III: SALVAGE OPERATION
There wasn’t an awful lot of sentiment among the crew for respecting a new lifeform. There just wasn’t much love lost for a creature or creatures who had killed so many humans so wantonly and who had then tried to get at them. There were some, including Randi and Jerry, who wondered about the safety of continuing, and whether or not it was worth the potential cost even if doable, but the general sentiment was, if it could be done, let’s do it, and if this thing gets in the way, let’s deal with it.
“I’m not at all sure what would kill it,” Randi Queson commented. “Something certainly can—if it eats, it can be gotten—but without a lot of experimentation on it who can tell? I doubt if shooting it with anything we have would do much. The industrial stuff, maybe, but not any sort of slicer and dicer. We’d simply make a big one into a few littler ones who’d recombine and be even angrier. We can probably incinerate it, if we’re sure we do it completely, or totally and completely disintegrate it, but if we do we’d better get all of it or it’ll just come back.”
“Seems to me the best thing to do would be to poison it,” Sark suggested. “Get the whole damned thing at once. Let it gobble up its own doom.”
“That’s great, except that it probably wouldn’t work. Any poison would probably be ingested by one of the smaller bits, and if it was very slow acting the thing would probably adapt to the new substance and either expel it or figure out a way to eat it. Fast and it’s not going to be able to infect all the pieces. As we said, if you miss even one, we’re potentially toast.”
The problem was fed to the ship’s master computer, which came up with a compromise none of them had considered.

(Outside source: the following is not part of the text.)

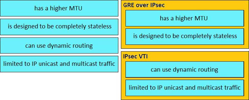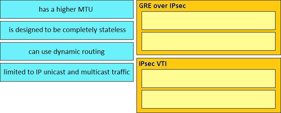 Drag and drop the descriptions from the left onto the correct IPsec tunnel types on the right.
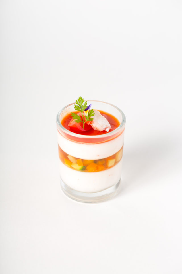 クラブ エ トマト…ズワイガニやトマトを使用したムースに野菜コンソメを重ねています。ズワイガニのコクとトマトの甘みと酸味の絶妙バランスを楽しめるようになっています。

The lifeforms all burned food for energy in a range that made them show up on sensors the same as people. That meant they could be located. Doing anything to the large mass in the core would be impractical, maybe impossible with what they had available, and would certainly take better lab work than they could do even if they could figure out how to safely get and contain a tissue sample of the creature or creatures. They also had mass, but couldn’t come through walls or floors or solid rock, and certainly they still had problems with inorganic substances overall.
T
he obvious solution was to use the big industrial salvage lasers to sever the greenhouses from the main complex and then create a molten rock flow that would cover and seal in the cliffside complex, core and all. Then it would be a matter of sending in small disassembler robots with full torches and dealing with the small ones that might be left outside. From that point on, and with a constant watch on the cliffside to insure that there were no more holes and that there was no breakout by the main mass, they could methodically and safely disassemble the greenhouses. The profit would still be huge; it just wouldn’t be as huge as if they could have reclaimed the interior complex and the reactor. Humans would be placed in harm’s way only when absolutely necessary, always fully armed and fully suited up, and with cover.

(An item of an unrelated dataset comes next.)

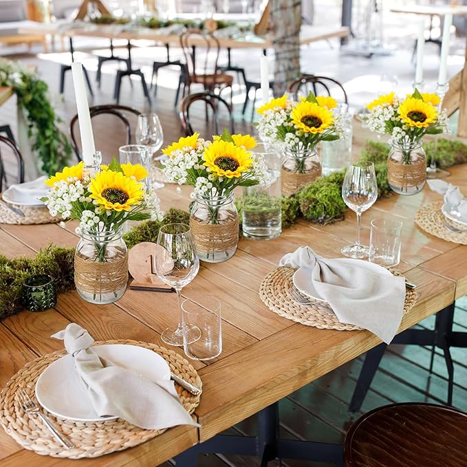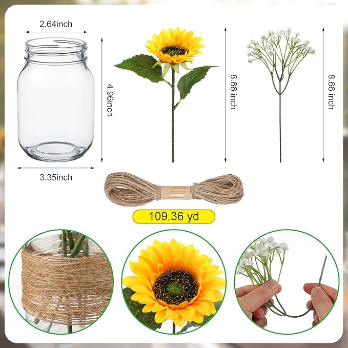 85pcs (12 Set) Sunflower Mason Jar Centerpiece Vases – Faux Floral with Rope, Boho Rustic Table Decorations for Wedding, Bridal Shower, Engagement, Reception & Party

“The computer believes we could do this operation in six weeks or less, that the profit on the enterprise would still be in the millions, and that it’s the most likely compromise,” An Li told them. “Of course, it assumes that we can contain the thing and deal with any small ones left outside.”
“And if we can’t?” the uncharacteristically nervous Jerry Nagel asked her.
“Huh?”
“If those things can’t be dealt with and or the big one figures a way out? What then?”

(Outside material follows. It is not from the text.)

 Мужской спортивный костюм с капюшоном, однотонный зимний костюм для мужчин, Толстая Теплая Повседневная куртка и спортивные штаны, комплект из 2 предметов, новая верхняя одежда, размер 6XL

“Then the only solution would be to abandon everything in place and use the shuttle to lift survivors to the ship if possible. If that happens, we will all be dead broke and unable to return home unless we find money for new equipment and a new salvage job. And if we just say goodbye right now, we’ve got no credit and nothing to trade, so even if we find something else, which probably wouldn’t be nearly this profitable, we couldn’t pay for maintenance and repairs, recharges, you name it. Cap says, though, that she can’t order this one since we’re safe up here. You got to decide down there.”
“I can kill anything except my bills,” Achmed growled. “Let’s go do it.”
“I say so long as I don’t face no thirty meters of morphing worm, let’s get the stuff that’s just lying there and get out of here,” Sark added. “The little ones, they got to burn.”